Proceedings of nanoGe Fall Meeting 2021 (NFM21)
Publication date: 23rd September 2021
The electrocatalytic reduction of CO2 into useful fuels, exploiting rationally designed,
inexpensive, active, and selective catalysts, produced through easy, quick, and scalable routes,
represents a promising approach to face today’s climate challenges and energy crisis. This work
presents a facile strategy for the preparation of doped SnO2 as an efficient electrocatalyst for the
CO2 reduction reaction to formic acid and carbon monoxide. Zn or Ti doping was introduced into
a mesoporous SnO2 matrix via wet impregnation and atomic layer deposition. It was found that
doping of SnO2 generates an increased amount of oxygen vacancies, which are believed to contribute
to the CO2 conversion efficiency, and among others, Zn wet impregnation resulted the most efficient
process, as confirmed by X-ray photoelectron spectroscopy analysis. Electrochemical characterization
and active surface area evaluation show an increase of availability of surface active sites.

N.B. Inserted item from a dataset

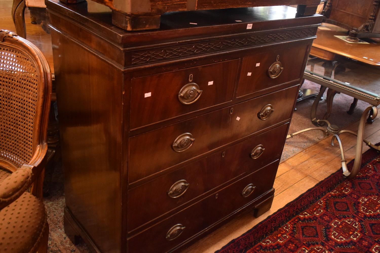 A FIVE DRAWER GEORGIAN MAHOGANY CHEST WITH CROSS BAND ON TOP (PLEASE NOTE THIS ITEM MUST BE REMOVED BY CLIENTS OR CARRIERS AT THE CUSTOMERS EXPENSE)

In particular,
the introduction of Zn elemental doping results in enhanced performance for formic acid formation,
in comparison to un-doped SnO2 and other doped SnO2 catalysts. At -0.99 V versus reversible
hydrogen electrode, the total faradaic efficiency for CO2 conversion reaches 80%, while the partial
current density is 10.3 mA cm2. These represent a 10% and a threefold increases for faradaic
efficiency and current density, respectively, with respect to the reference un-doped sample. The
enhancement of these characteristics relates to the improved charge transfer and conductivity with
respect to bare SnO2.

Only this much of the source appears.